Primitif et futuriste

Ultra moderne par son décor de vaisseau spatial contrastant en style Vasarely, contrastant le noir spatial et le blanc du costplay d’Anja Röttgerkamp à la fois archaïque et rétrofuturiste. The Pyre fait remonter des puissances auxquelles peu d’artistes croient encore. Ces puissances, le critique de cinéma Jean Epstein en fait la description dans son Cinéma du diable. Il écrit en 1947 déjà, donnant à The Pyre l’un de ses parcours envisageables : « Ainsi devient évident le caractère arbitraire et relatif des frontières, par lesquelles nos classifications ont voulu segmenter la continuité des formes, compartimenter l’unité de la nature.
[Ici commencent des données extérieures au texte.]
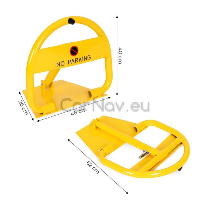 Яркият жълт цвят и надписът „NO PARKING“ осигуряват отлична видимост и ясно обозначаване на запазеното място.
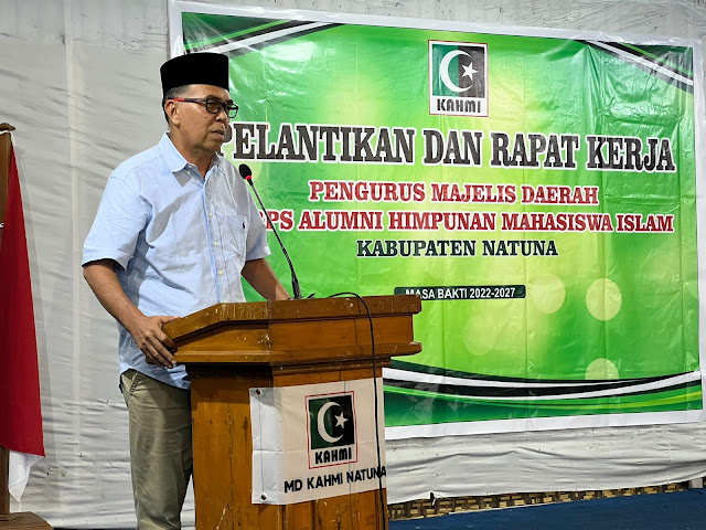 Ketua KAHMI yang baru dilantik periode 2022 - 2027, Daeng Ganda Rahmatullah dalam sambutanya menyampaikan terimakasihnya atas kepercayaan dan amanah yang diberikan untuk memimpin KAHMI Kabupaten Natuna.

Ainsi, de proche en proche, s’effritent les cloisons étanches établies entre l’inerte et le vivant, le mécanique et l’organique, la matière et l’esprit, le corps et l’âme, l’instinct et l’intelligence. Toute forme n’est qu’un moment d’équilibre dans le jeu des rythmes dont le mouvement constitue partout toutes les formes, toute la vie. »

Aussi lumineusement fêlée que le prélude du wagnérien Lohengrin, passant de l’informe à la forme et inversement, de l’ordre au chaos, Anja Röttgerkamp sait demeurer, un temps seulement, étirée, creusant son dos, étendant sa croupe comme le ferait un animal à la parade amoureuse. Lentement, elle part d’une position marquée par de très forts appuis au sol concentrée et étendue telle une araignée ou un étrange insecte pétrifié dont la surface noire laquée noire du sol prolonge le dessin. Elle s’élève maintenant, strate par strate. Son mouvement incessant de la tête fait alors de sa chevelure recouvrant son visage une surface agitée floutant l’espace alentours.

Cette anatomie marque l’origine d’une tragédie malade, un cérémonial où sa danse sacrale et le rituel incantatoire sont vite contredits pas des « bugs », sorte de fatrasie corporelle, de micro gestes mécaniques trahissant le dérèglement. Voici un programme de surnaturelle beauté hellénique qui réconcilie, le temps de plusieurs stases étendant le corps aux limites, repassant les gestes d’icones de la peinture religieuse, jusqu’à son costume renvoyant à la fois aux clips d’une Madonna fitness vintage et à la séduction malade de Sharon Stone pour Basic Instinct. L’ensemble n’exclut naturellement pas du surhumain ou du non humain, l’humain trop humain, écartelé, crucifié entre plusieurs incarnations. The Pyre signe une création aux tonalités intimistes, grandioses et lézardées. Ainsi cette arche que forme maintenant le corps de la danseuse rappelle un épisode d’une autre création frayant avec l’univers des contes et celui de l’enfantin, Kindertotenlieder.